Kansas baseball couldn’t pull off an upset over No. 1 seed Oklahoma in the semifinals of the Big 12 Tournament, falling 8-6 on Friday at Globe Life Field in Arlington, Texas.

Oklahoma’s Jackson Nicklaus ended KU’s tournament run with a two-run walk-off home run against KU relief pitcher Cooper Moore.

The Jayhawks raced out to a 6-0 lead within the first two innings — and held that lead through four. The Sooners had only four hits in that time.

But Kansas starter J’Briell Easley, who was strong early, began to falter in the fifth. He surrendered a two-run home run to OU’s Jaxon Willits and gave up another single before he was replaced by Tegan Cain.

Easley pitched 4 2/3 innings, surrendering six hits and three earned runs. He struck out 11 batters. After Easley’s exit, the Sooners tacked on three more runs in the fifth. The Jayhawks led 6-5.

Willits once again came through for OU in the sixth, doubling off Cain to bring in the tying run with one out.

Kansas had several opportunities to add to the early lead — or regain it late — but never did.

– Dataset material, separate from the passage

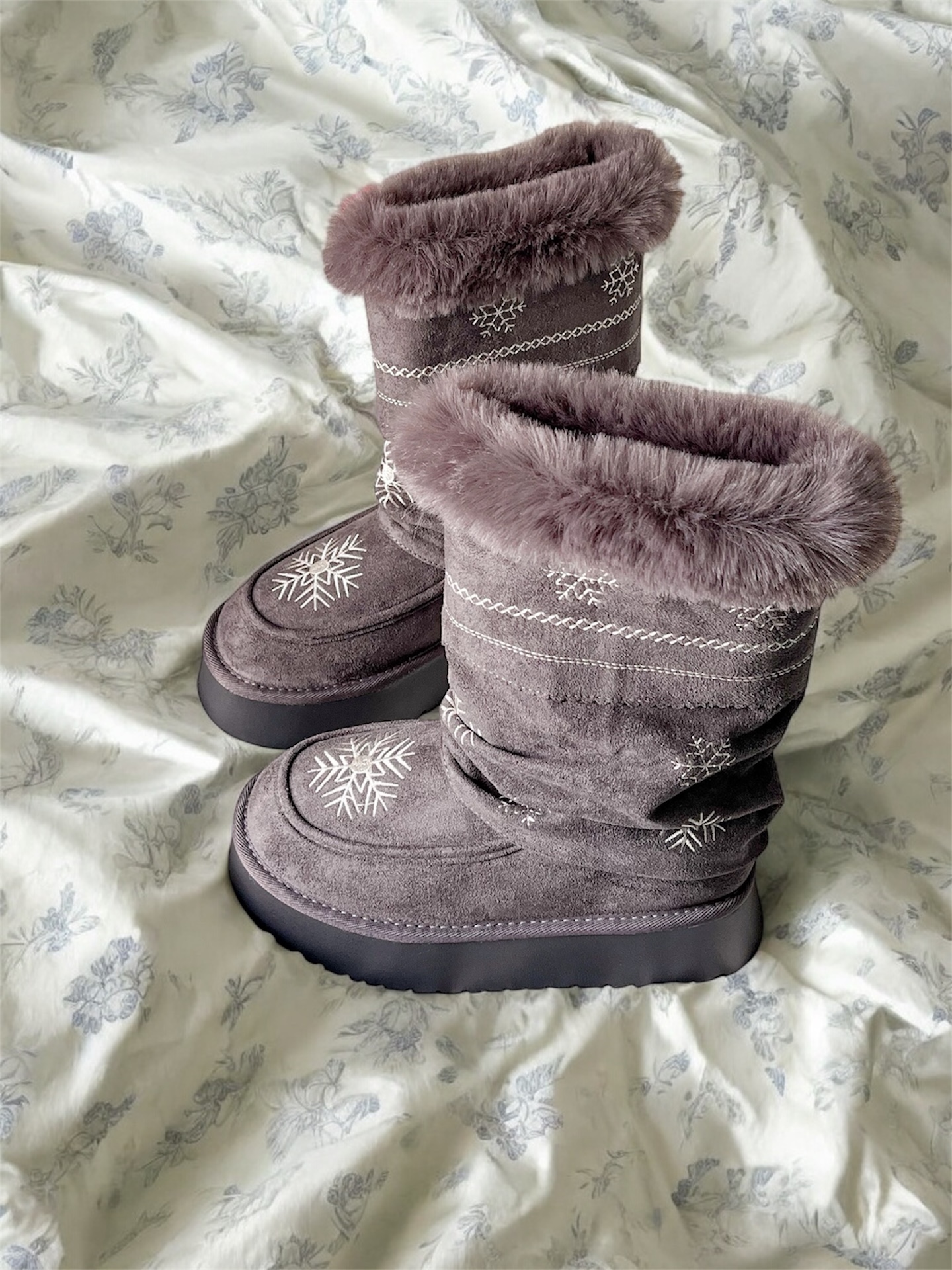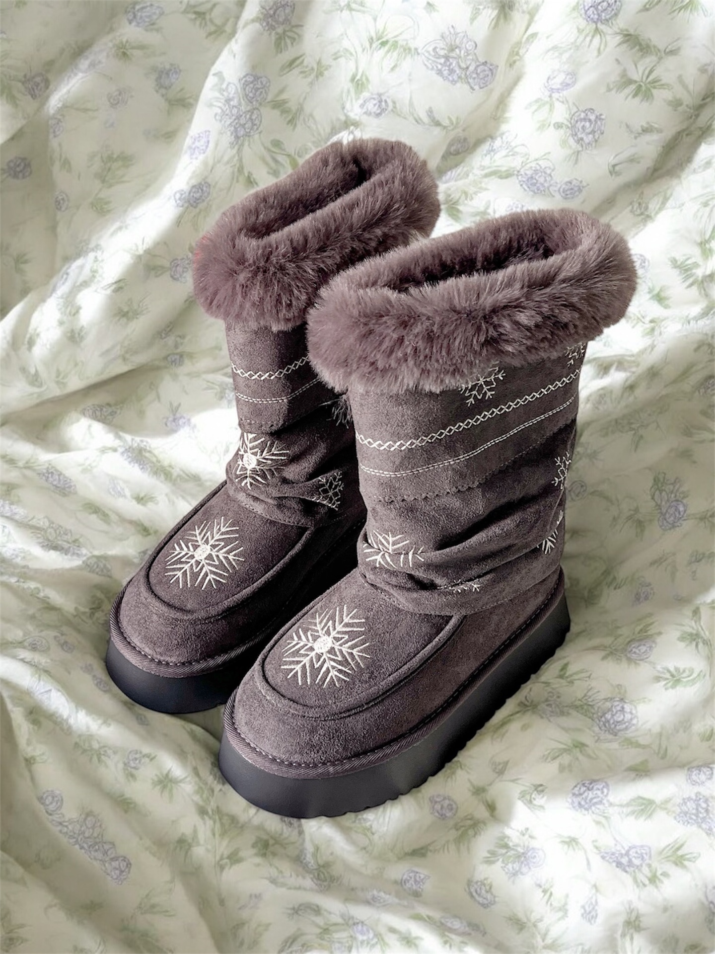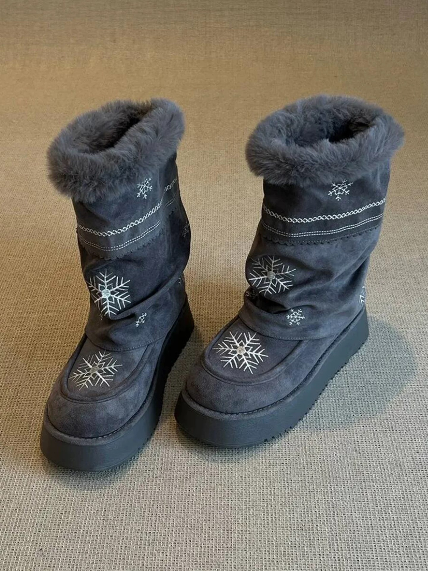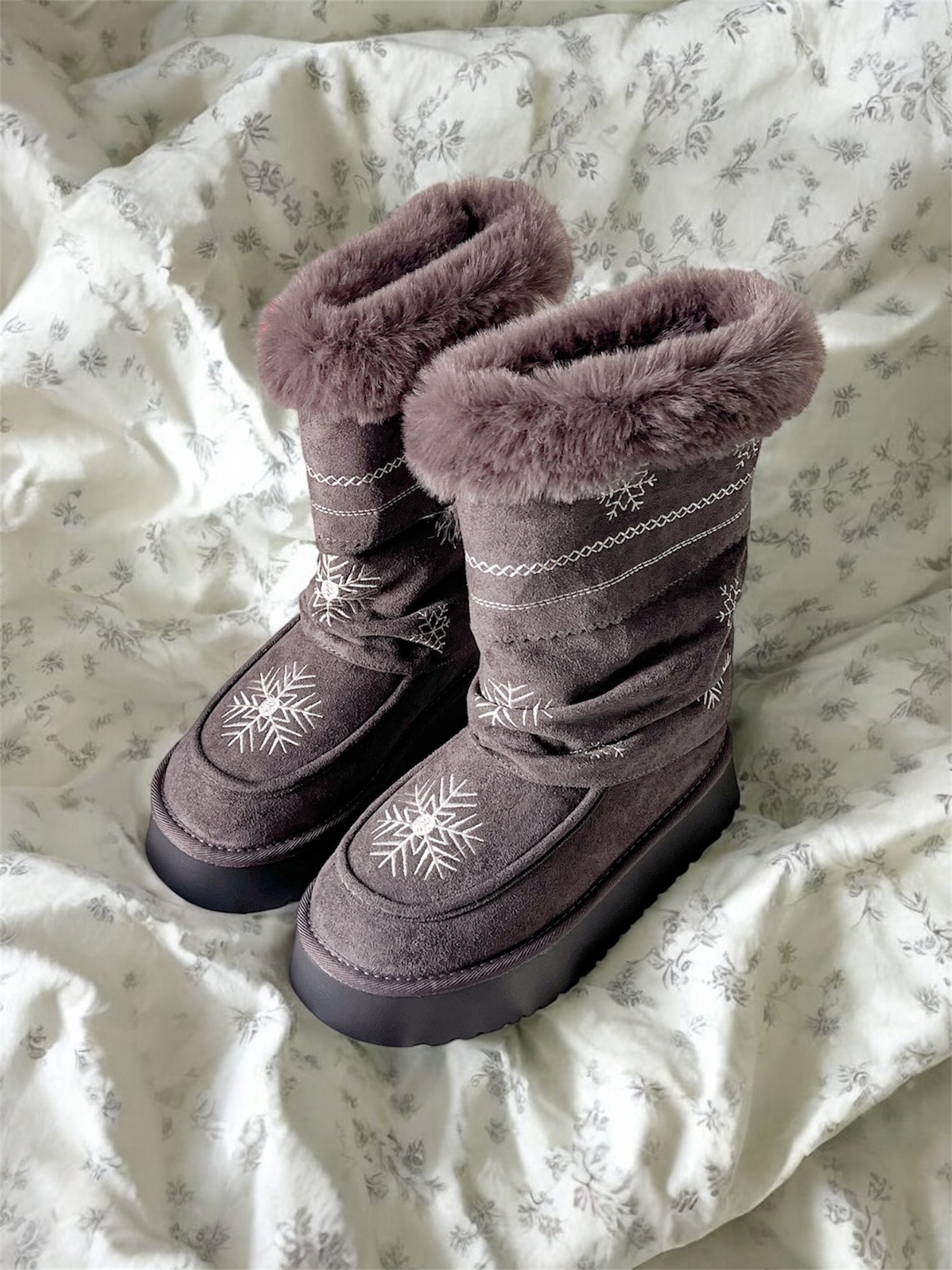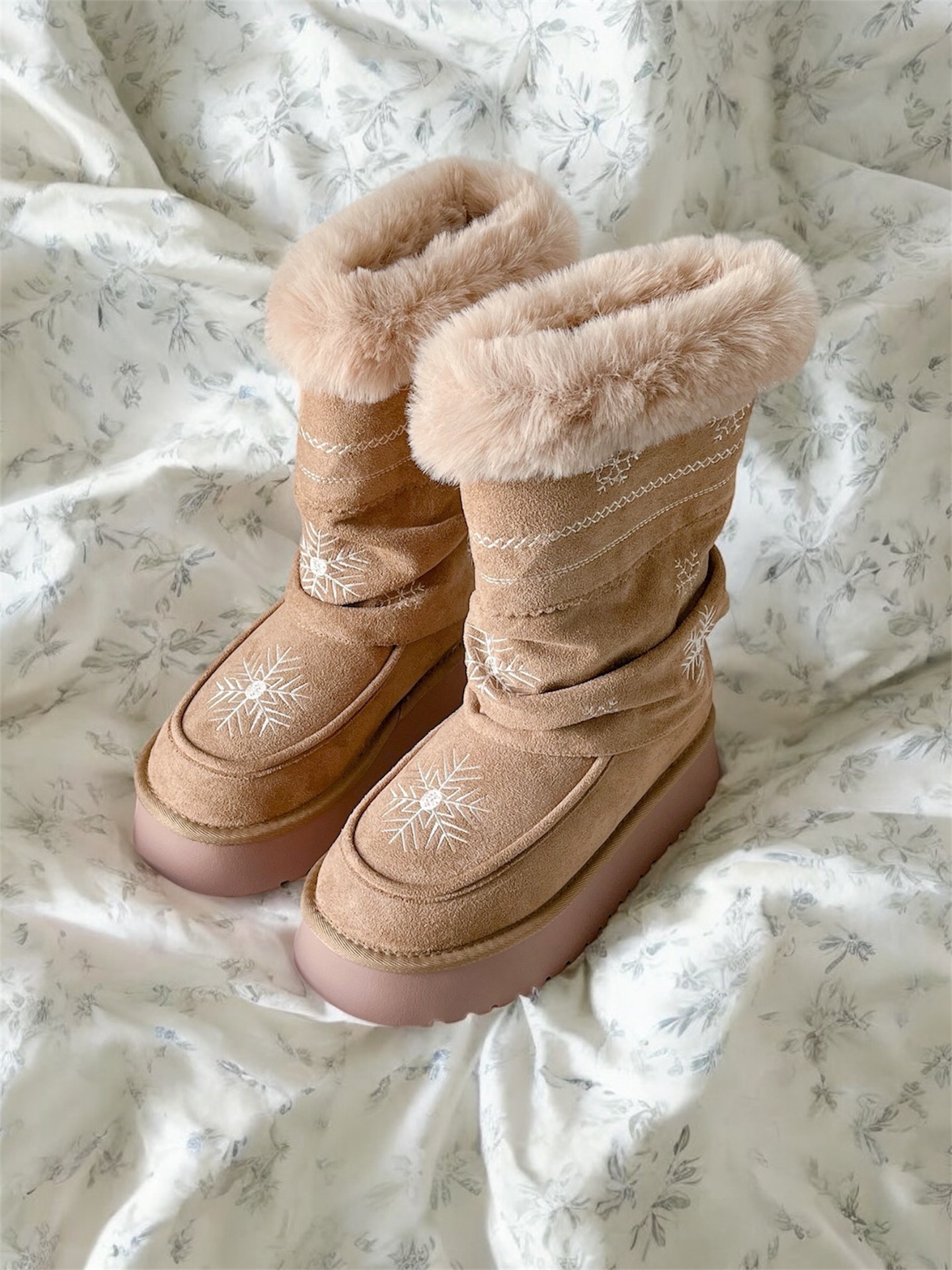 بوت برفدونه دخترونه با خز پفکی و گلدوزی برفی ❄️

The Jayhawks stranded 14 runners on base.

KU beats TCU, but not without some drama

Before the OU game, the Jayhawks had to defeat TCU to advance to the semifinal.

After squandering a nine-run lead, Kansas baseball managed to hang on and defeat the Horned Frogs 11-10 in a Big 12 Tournament elimination game that was also played on Friday.

Kansas’ Jake English had the winning run, a solo home run in the bottom of the eighth to break a 10-10 tie.

The game had some controversy, too.

In the third inning, TCU’s Sam Myers laid down a bunt, but the umpire ruled Myers out as he thought the ball hit Myers while he was running toward first base.

Then, the umpires changed the call — Myers was safe — after a crew discussion. Kansas manager Dan Fitzgerald went out to argue with the umpires about the call.

Fitzgerald later explained his team’s point of view on the ESPN+ broadcast.

“When he called him out, our guys just jogged toward the ball being that he was called out,” Fitzgerald said. “Then they got together and they didn’t think it hit him.”

The play had bigger implications. The Jayhawks still led 9-3 following the lengthy stoppage and review. TCU, a couple batters later, hit a three-run home run to cut the margin to 9-6. The play would’ve only represented the first out but could’ve changed how the Jayhawks pitched in that situation.

Naturally, Fitzgerald wasn’t pleased

“My argument was, I don’t know how we can give a guy a base when we’re not given the opportunity to make a play when you call a guy out,” he said. “ It would be kind of weird to call a guy out, run in and throw it. The only way to get it right at that point is to protest it. That’s why they draw the ‘P’ in the air and run back.

“I don’t know who they talked to or whatever, but I’ve never seen that before on a baseball field. A guy is called out and then awarded the base that way. Anyway, we’ll keep playing and obviously, wish it had been different.”